Revue Politique et Parlementaire – Quelle géographie a le cyber ?
Marc Watin-Augouard – Le cyberespace a été conçu sans frontière. En choisissant une organisation « distribuée », les pionniers ont créé la « toile » qui assemble plus de 120.000 réseaux autonomes (autonomous system) liés entre eux par des protocoles de frontière (BGP). Cette interconnexion ne correspond pas nécessairement aux frontières westphaliennes. Cependant, certains Etats, notamment totalitaires, ont limité les points d’accès pour mieux contrôler les contenus véhiculés. Aujourd’hui se manifeste un risque de « splinternet », c’est-à-dire de repli derrière les frontières. C’est la tentation de Runet, en Russie, de la muraille électronique de Chine. La Corée du Nord et l’Iran sont relativement coupés du monde. Il y a donc une géographie politique du cyberespace, une géographie des câbles sous-marins, de la couverture satellitaire, une géographie des terres rares (on le voit actuellement avec l’Ukraine), une géographie des semi-conducteurs. Ajoutons la géographie des espaces où une régulation est en marche (je pense à l’Union européenne), tandis que d’autres s’orientent vers une dérégulation (les USA avec l’administration Trump), alors que certains Etats appliquent un contrôle absolu et intrusif. Derrière la géographie, il y a une géopolitique.
RPP – Comment perçoit-on le cyber ? A quoi l’associons-nous ?
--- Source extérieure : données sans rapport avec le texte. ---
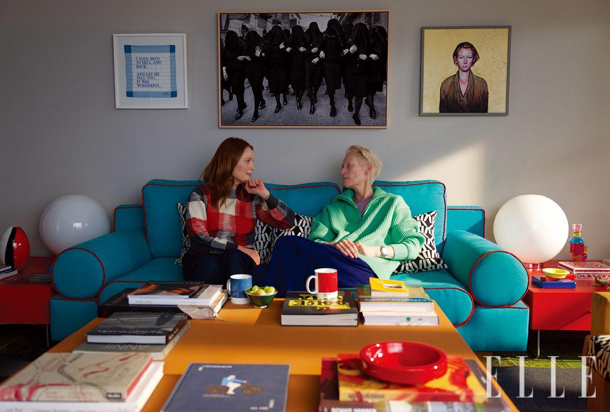 마사의 서재 한 벽면은 유기적 형태의 로셰보보아 램지 책장이 차지하고 있다. 마사의 아파트 현관 옆에 걸려 있는 거대한 그림은 스페인 작가 호르헤 갈린도(Jorge Galindo)의 작품이다. 콜라주 기법을 접목한 컬러플한 회화를 선보여 온 그는 알모도바르 감독이 촬영한 사진을 보고 협업을 제안했고, 그 결과물로 뉴욕에서 전시회를 열기도 했다. 영화 속 그림도 두 사람의 합작품인 ‘플로레스(Flores)’다. 숲속 주택은 영화에서 미국 동북부로 설정됐지만, 실은 스페인 마드리드 부근의 산맥 기슭에 있다.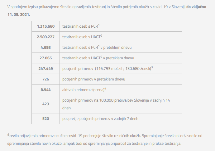 Število opravljenih testiranj in število potrjenih okužb s covidom-19 do vključno 11. 5. 2021: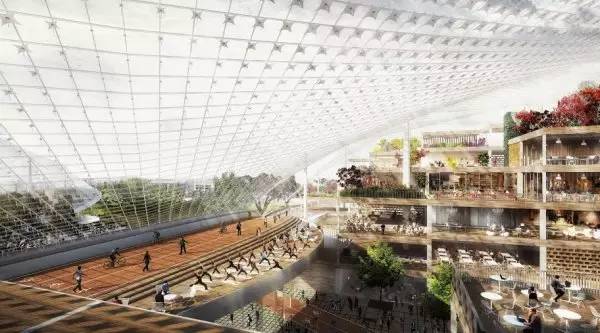 设计提案充满了有关未来工作场所的奇思妙想。园区内有适合协作办公的空间。也有私密的办公空间,员工可以在这里打开手提电脑工作,而不受干扰,也没有刺眼的阳光。谷歌员工还可以骑自行车上班,甚至直接骑到自己的办公桌前。停车场在地下,不会影响景观。在俯瞰中庭的巨大露台上还设有健身器材和瑜伽馆,不过奇怪的是效果图上没有显示栏杆及其他的安全设施。或许在玻璃罩下重力也会不同?一层是咖啡馆和商店,谷歌还计划在附近建造5000套住宅,骑着躺式自行车就能轻松往返,所有员工可能一辈子都不用离开园区。

Marc Watin-Augouard – Nous considérons à tort le cyberespace comme un espace immatériel, invisible. C’est vrai pour la « couche logique » (software), pour la couche « cognitive », mais on oublie que tout repose sur des équipements. Il y a une couche « matérielle » (le hardware). Il n’est pas nécessaire d’être un hacker chevronné pour perturber le fonctionnement d’internet. Les ruptures de câbles sous-marins, les sabotages de fibres optiques ou les incendies d’antennes 5G suffisent à montrer la fragilité d’un réseau qui fait globalement preuve de résilience, mais qui peut aussi être fortement perturbé régionalement. Nous ne percevons pas toujours le danger là où il est. Par ailleurs, le cyberespace est difficilement perceptible, car il conjugue infiniment grand (340 milliards de milliards de milliards de milliards d’adresses IP), infiniment rapide (un milliard de milliards de calculs à la seconde avec un exaflop), infiniment petit (une gravure des semi-conducteurs proche des 2 milliardièmes de mètre). Le cyber échappe à nos sens, à nos référentiels habituels. L’informatique « en nuage » contribue au mystère. L’immatériel nous conduit parfois à ignorer les risques faute de pouvoir les imaginer avec précision.
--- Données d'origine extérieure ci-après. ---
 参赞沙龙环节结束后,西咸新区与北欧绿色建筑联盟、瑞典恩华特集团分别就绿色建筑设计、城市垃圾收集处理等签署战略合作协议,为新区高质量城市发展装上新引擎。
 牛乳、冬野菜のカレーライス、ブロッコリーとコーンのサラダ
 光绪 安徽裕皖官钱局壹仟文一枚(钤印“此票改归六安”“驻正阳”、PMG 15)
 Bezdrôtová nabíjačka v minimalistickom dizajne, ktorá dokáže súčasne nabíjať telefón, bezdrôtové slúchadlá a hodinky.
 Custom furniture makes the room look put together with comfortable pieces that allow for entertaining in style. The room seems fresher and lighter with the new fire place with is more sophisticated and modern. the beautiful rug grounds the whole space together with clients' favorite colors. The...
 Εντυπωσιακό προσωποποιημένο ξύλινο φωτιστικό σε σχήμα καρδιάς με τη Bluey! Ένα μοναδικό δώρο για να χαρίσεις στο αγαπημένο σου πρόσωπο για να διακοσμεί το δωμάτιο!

RPP – De quelle façon peut-il participer à renforcer le lien de confiance entre les parties prenantes ?
Marc Watin-Augouard – Le mot « confiance » sera sans doute le maître-mot du XXIème siècle. Plus nous entrons dans une société hyperconnectée, plus internet devient un intermédiaire opaque, plus il faut retrouver les voies de la confiance : confiance dans les équipements, dans les objets connectés, dans les identités numériques, dans le cloud, dans l’IA, dans les applications, dans les contenus, etc. D’où le développement du zero trust , principe selon lequel pour avoir confiance je dois d’abord ne pas faire confiance et exiger que chaque équipement que chaque individu, que chaque application produise une preuve qui justifiera ma confiance. C’est le thème central du prochain Forum InCyber, dont je suis le fondateur et qui se déroulera à Lille du 1 au 3 avril.